__DIRECTIONS__.
In the entries below, which lines run from the one containing "一日モニター職員として活躍する四十四年度の市政モニター" to the one containing "市では、皆さんの意見を市政に"? Copy exactly those lines, ends included, and no others.

__SOURCE MATERIAL__.

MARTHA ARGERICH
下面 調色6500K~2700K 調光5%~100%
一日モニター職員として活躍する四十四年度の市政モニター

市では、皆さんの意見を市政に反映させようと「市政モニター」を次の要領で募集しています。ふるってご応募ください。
--
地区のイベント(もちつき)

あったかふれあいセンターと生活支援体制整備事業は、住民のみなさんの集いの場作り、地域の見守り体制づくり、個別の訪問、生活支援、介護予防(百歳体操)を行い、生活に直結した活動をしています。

__RESULT OF THE EXERCISE__.
一日モニター職員として活躍する四十四年度の市政モニター

市では、皆さんの意見を市政に反映させようと「市政モニター」を次の要領で募集しています。ふるってご応募ください。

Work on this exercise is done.